Галлен и Орик слезли вниз, а остальные спустились, обойдя вокруг рифа. Дети как раз доставали из воды мешок с омарами. Старший мальчик, лет десяти, поздоровался с путниками и спросил, куда они идут. Вериасс сказал, что в город, и дети явно обрадовались гостям.
Двум малышам не терпелось объявить о прибытии неизвестных. Дети взобрались на динозавра и поехали к городу, погоняя своего рысака, который бежал длинными прыжками. Скоро они почти исчезли из виду. На расстоянии шести миль город вырастал из земли, словно колония диковинных грибов.

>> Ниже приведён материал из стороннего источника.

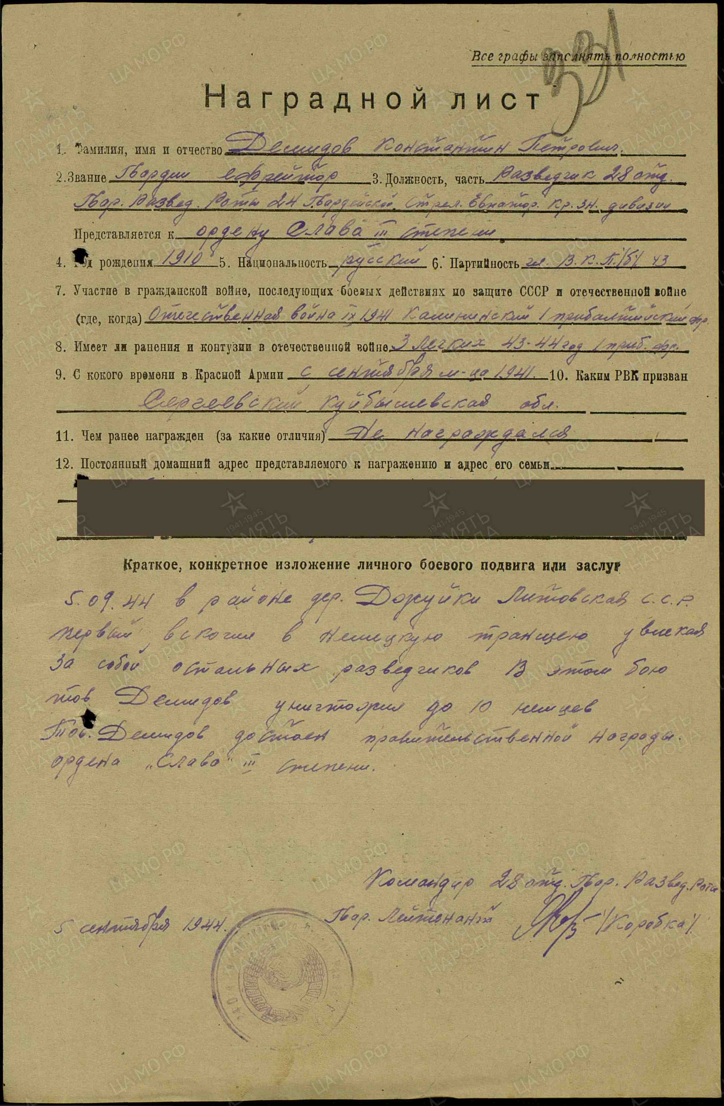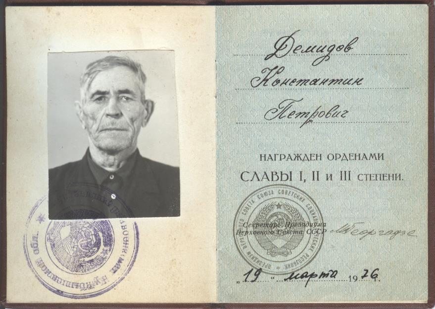 Разведчик 28-й отдельной разведывательной роты (24-я гвардии стрелковая дивизия, 2-я гвардейская армия, 1-й Прибалтийский фронт) гвардии ефрейтор Демидов отличился 5.09.1944 г. у дер. Тирелки, 11 км западнее г. Шяуляй (Литва). Увлекая за собой товарищей, первым ворвался во вражескую траншею и поразил огнем из автомата, гранатами около 10 гитлеровцев. 16.09.1944 г. награжден Орденом Славы III степени.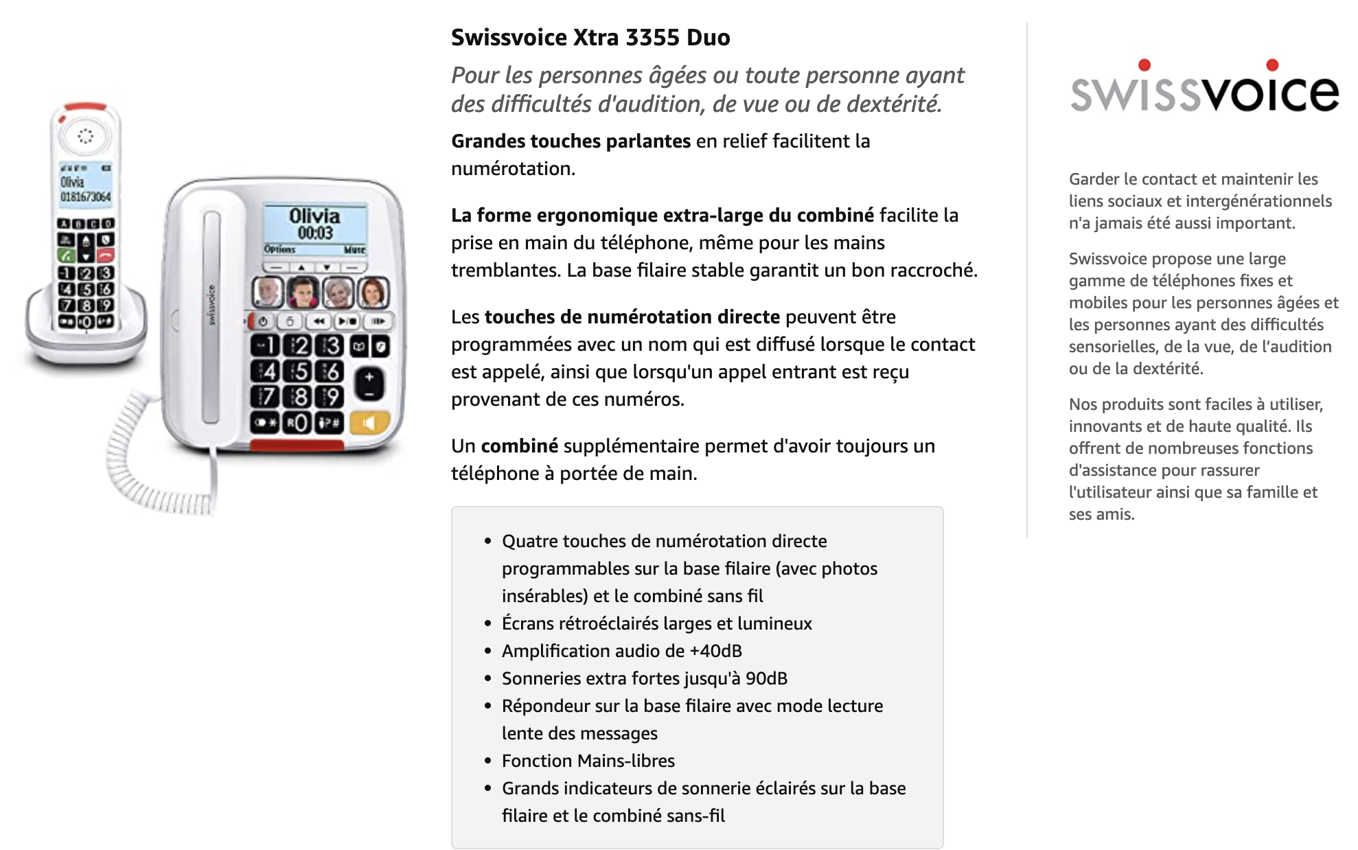 Profitez de cette offre exclusive avec un code promo de -7% soit 93,25€ pour vous offrir le Swissvoice Xtra 3355 Combo, un téléphone filaire à grosses touches avec répondeur et combiné additionnel, audio boost et sonneries fortes, compatible avec les appareils auditifs.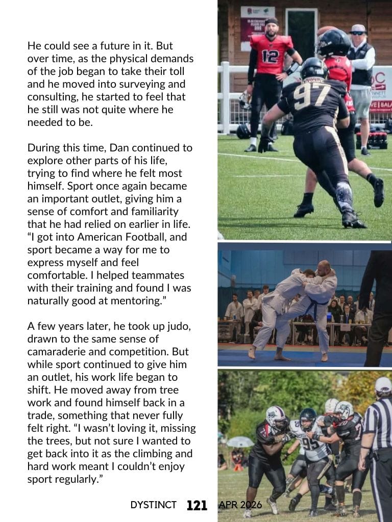 During this time, Dan continued to explore other parts of his life, trying to find where he felt most himself. Sport once again became an important outlet, giving him a sense of comfort and familiarity that he had relied on earlier in life. āI got into American Football, and sport became a way for me to express myself and feel comfortable. I helped teammates with their training and found I was naturally good at mentoring.ā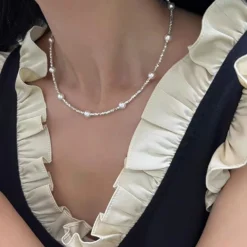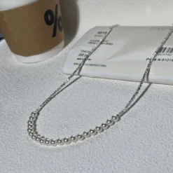 IG Style Elegant Round Sterling Silver Beaded Pearl Plating Necklace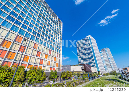 ビル群と住宅街 多摩川堤通りから望む新丸子のビル群と富士山の遠望

На подходе к нему путники миновали целый лабиринт каменных бассейнов, а потом поднялись в город по широкой винтовой лестнице, обвивавшей колонну, похожую на ножку гриба. Приближалась послеполуденная гроза.

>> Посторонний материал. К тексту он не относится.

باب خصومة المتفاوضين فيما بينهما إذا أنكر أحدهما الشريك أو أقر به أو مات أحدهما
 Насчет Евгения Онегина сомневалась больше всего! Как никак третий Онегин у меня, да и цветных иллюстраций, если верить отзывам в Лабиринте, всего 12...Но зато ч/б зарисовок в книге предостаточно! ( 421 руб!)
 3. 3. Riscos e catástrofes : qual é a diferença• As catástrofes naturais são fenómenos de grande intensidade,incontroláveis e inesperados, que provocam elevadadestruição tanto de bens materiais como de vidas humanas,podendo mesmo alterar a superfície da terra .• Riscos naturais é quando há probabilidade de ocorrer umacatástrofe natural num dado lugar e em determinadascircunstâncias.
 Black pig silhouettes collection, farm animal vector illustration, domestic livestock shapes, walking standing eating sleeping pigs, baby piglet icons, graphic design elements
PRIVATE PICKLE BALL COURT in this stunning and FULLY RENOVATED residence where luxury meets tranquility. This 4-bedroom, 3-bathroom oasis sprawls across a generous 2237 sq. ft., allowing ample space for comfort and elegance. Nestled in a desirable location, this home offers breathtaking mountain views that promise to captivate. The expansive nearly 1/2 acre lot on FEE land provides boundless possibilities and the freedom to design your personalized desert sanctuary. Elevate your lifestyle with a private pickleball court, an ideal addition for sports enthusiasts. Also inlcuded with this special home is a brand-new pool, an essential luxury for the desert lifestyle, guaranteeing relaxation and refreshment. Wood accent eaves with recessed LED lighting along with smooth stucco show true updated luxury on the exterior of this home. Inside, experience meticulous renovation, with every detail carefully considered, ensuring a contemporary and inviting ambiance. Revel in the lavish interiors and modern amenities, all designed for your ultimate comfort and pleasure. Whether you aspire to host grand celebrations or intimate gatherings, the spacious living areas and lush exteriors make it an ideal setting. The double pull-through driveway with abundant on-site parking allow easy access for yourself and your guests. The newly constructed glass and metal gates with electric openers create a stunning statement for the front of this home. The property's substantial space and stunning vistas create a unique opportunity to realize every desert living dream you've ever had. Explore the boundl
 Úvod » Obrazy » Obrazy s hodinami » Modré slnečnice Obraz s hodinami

Поверхность рифа наверху была неровной, холмистой. Дома представляли собой гроздья цементных куполов. В окнах не было стекол, в дверных проемах — дверей. Здесь, как видно, круглый год было тепло и не водилось кусачих насекомых. Каждое отверстие, служащее дверью, выходило на широкую террасу, где люди сидели, стряпали на общественном огне и слушали музыку. На верхушках куполов росли пышные сады.
Эверинн сняла маску, откинула капюшон и вошла в город с открытым лицом. Люди выходили на веранды, приветствуя ее громким свистом. Галлен взглянул на Вериасса, как бы желая спросить, почему Эверинн ведет себя здесь так смело, и Вериасс объяснил:
— Здесь, на Сианнесе, дрононы кажутся чем-то далеким и нестрашным. Сейчас мы в сорока тысячах световых лет от планеты Фэйл, в нашем глубоком тылу. Но люди и здесь слышали о нашей долгой войне, и они знают, кто такая Эверинн.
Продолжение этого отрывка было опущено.